Diagram 1: Overview of SQL pipelines
Query 1 aggregates revenue from transactions,
Query 2 enriches transactions by joining it on customers,
Query 3 aggregates transactions from enriched_transactions by state

Set Up Data Formats: Descriptors and Schema Registries

In our use case we have two streams, the Transactions stream in Protobuf format, and the Customers stream in Avro format. We’ll first cover how to set these streams up as sources for DeltaStream.

Transactions Stream

Below in Code 1a, you’ll see an example of a record from the transactions stream. A new record is created every time a customer buys some item. The record itself contains a “tx_time” timestamp of when the transaction occurred, a “tx_id” which is unique per transaction, fields describing which item was purchased and for how much, and also “customer_id” which is used to identify which customer the transaction belongs to. Code 1b shows the Protobuf message used to create the Protobuf descriptor that serializes and deserializes these transactions.

  1. {
  2. "tx_time": 1667260111428,
  3. "tx_id": "fe92644b-973a-4b65-ae4c-4b4eed23b5a0",
  4. "item_id": "Item_7",
  5. "price": 11,
  6. "quantity": 1,
  7. "customer_id": "Customer_9"
  8. }

Code 1a: An example transactions record

  1. message Transactions {
  2. int64 tx_time = 1;
  3. string tx_id = 2;
  4. string item_id = 3;
  5. int32 price = 4;
  6. int32 quantity = 5;
  7. string customer_id = 6;
  8. }

Code 1b: Protobuf message for transactions

For the Transactions stream, you can upload the Protobuf descriptor as a DeltaStream descriptor. A DeltaStream descriptor is an object that resources necessary for the streaming SQL query to serialize and deserialize data, such as a Protobuf descriptor, are uploaded to. After creating the DeltaStream descriptor, you can attach it to the relevant DeltaStream topic.

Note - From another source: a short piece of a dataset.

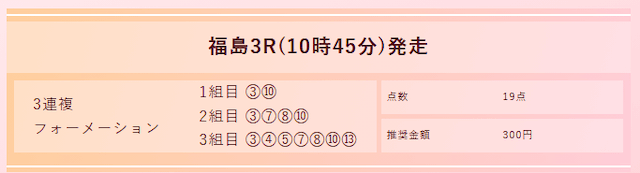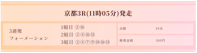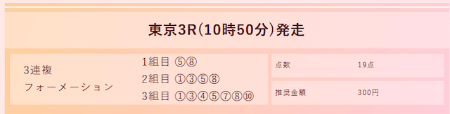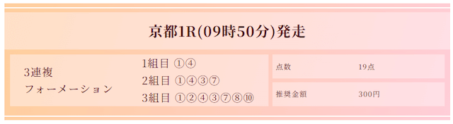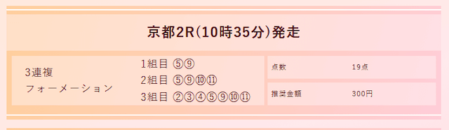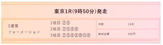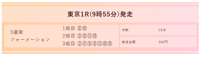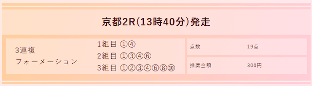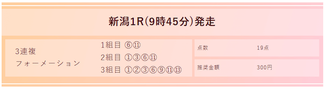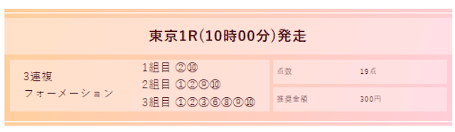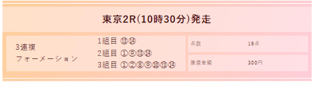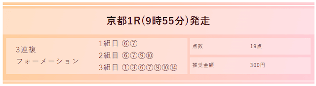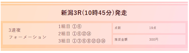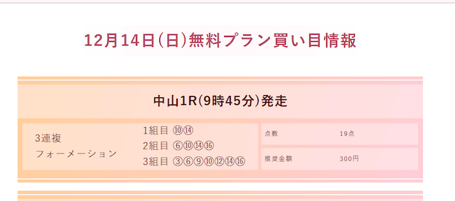 本来なら、今回のような買い目は怖い部分があるが、無料予想の結果を知っていると少しだけ期待してしまう。

  1. CREATE DESCRIPTOR_SOURCE pb WITH (
  2. 'file' = '/path/to/protos/transactions_value.proto'
  3. );
  4.  
  5. SHOW DESCRIPTORS;
  6.  
  7. # Name
  8. # -------------------------
  9. # pb.transactions_value

Code 1c: Commands to create and show DeltaStream descriptors

Now, let’s observe the contents of our Protobuf topic before and after we attach a descriptor:

  1. PRINT transactions;
  2.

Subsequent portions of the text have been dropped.